Sat Sep 19, 2020
In our previous post on games and tournaments part-1, we examined around two of the mainstream sorts of questions with regards to games and tournament questions. In this way, on the off chance that you are looking for questions on new sorts of information representation or questions dependent on seeding in a tennis tournament, most likely you should understand that. In any case, there is another famous kind of questions regarding Games and Tournaments and that is – Football/Hockey tournament questions in which we need to find out Goals scores, winners, ties, and so on.
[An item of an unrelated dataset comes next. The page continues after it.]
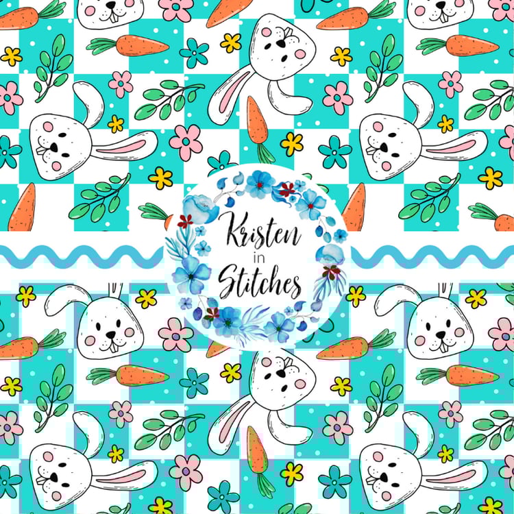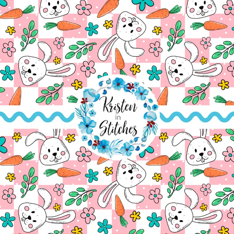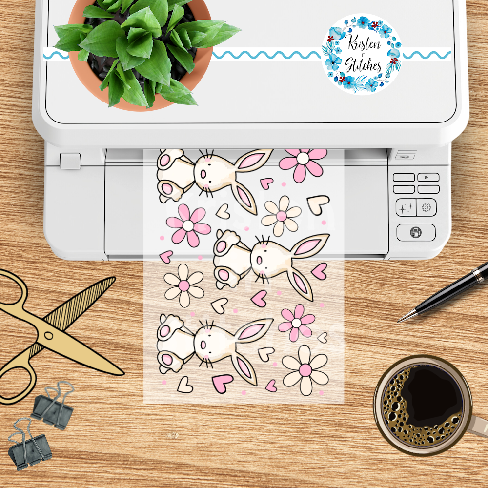 Features sweet bunnies and pink and ivory daisy flowers with hearts.

In such tournaments, all contenders play a fixed number of matches. Points are granted for wins/draws/misfortunes. At that point a general ranking is chosen by all out points or normal points per coordinate. At times different factors, for example, objectives scored/objectives confronted additionally come into the image to settle ties in ranking.
Question: “Sixteen teams have been invited to participate in the ABC Gold Cup cricket tournament. The tournament was conducted in two stages. In the first stage, the teams are divided into two groups. Each group consists of eight teams, with each team playing every other team in its group exactly once. At the end of first stage, the top four teams from each group advance to the second stage while the rest are eliminated. The second stage comprised several rounds. A round involves one match for each team. The winner of a match in a round advances to the next round, while the loser is eliminated. The team that remains undefeated in the second stage is declared the winner and claims the Gold Cup.
The tournament rules such that each match results in a winner and a loser with no possibility of a tie. In the first stage, a team earns one point for each win and no points for a loss. At the end of the first stage, teams in each group are ranked on the basis of total points to determine the qualifiers advancing to the next stage. Ties are resolved by a series of complex tie-breaking rules so that exactly four teams form each group advanced to the next stage.
”Now questions were asked on – Total number of matches, minimum number of wins required for a team to guarantee advance (or possible advance) to next stage, maximum number of matches that a team can win in the first stage without advancing, etc.
In first stage, teams are divided into two groups of 8 teams each. There they play a match against everyone exactly one i.e. 8C2 matches in every group. So 2*8C2 = 56 matches for the first stage.
In second stage, there are 8 teams in a knockout stage. There will be one winner, so 8 – 1 = 7
So, total number of matches is 56 + 7 = 63
For a team to advance to the second stage, it should be among the top 4 in its group. Total points on stake in a group is the same as the total number of matches which is 8C2 = 28. To guarantee advance, it can have 3 teams with the same or more points. There can be 5 teams with 5 wins or 5 points. So, 5 wins is not good enough to ensure a birth in round 2. However, 6 wins will guarantee its advance.This also tells us that a team might have 5 wins but still not advance.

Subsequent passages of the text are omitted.